=== Work to complete ===
Would you repeat the listing below verbatim and drop the images?

=== Exercise data ===
━━━━━━
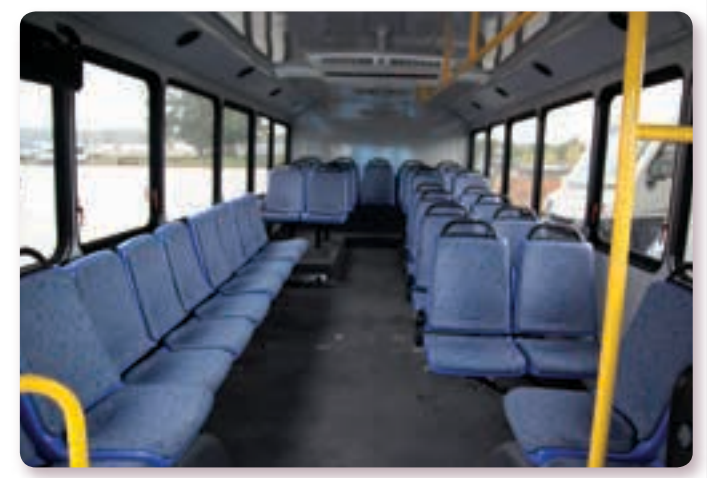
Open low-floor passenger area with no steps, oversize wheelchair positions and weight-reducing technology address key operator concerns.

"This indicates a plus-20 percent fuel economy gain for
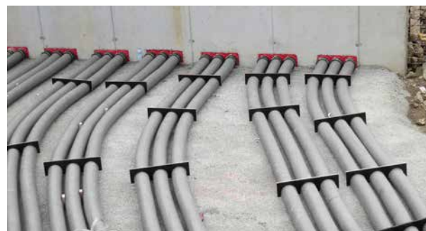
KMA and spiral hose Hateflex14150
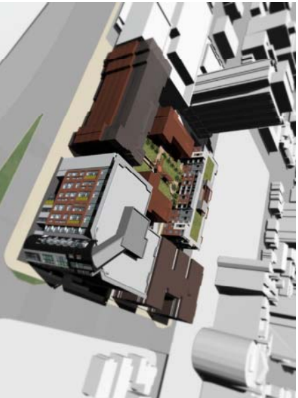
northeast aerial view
━━━━━━
=== Response area ===
Open low-floor passenger area with no steps, oversize wheelchair positions and weight-reducing technology address key operator concerns.

"This indicates a plus-20 percent fuel economy gain for
KMA and spiral hose Hateflex14150
northeast aerial view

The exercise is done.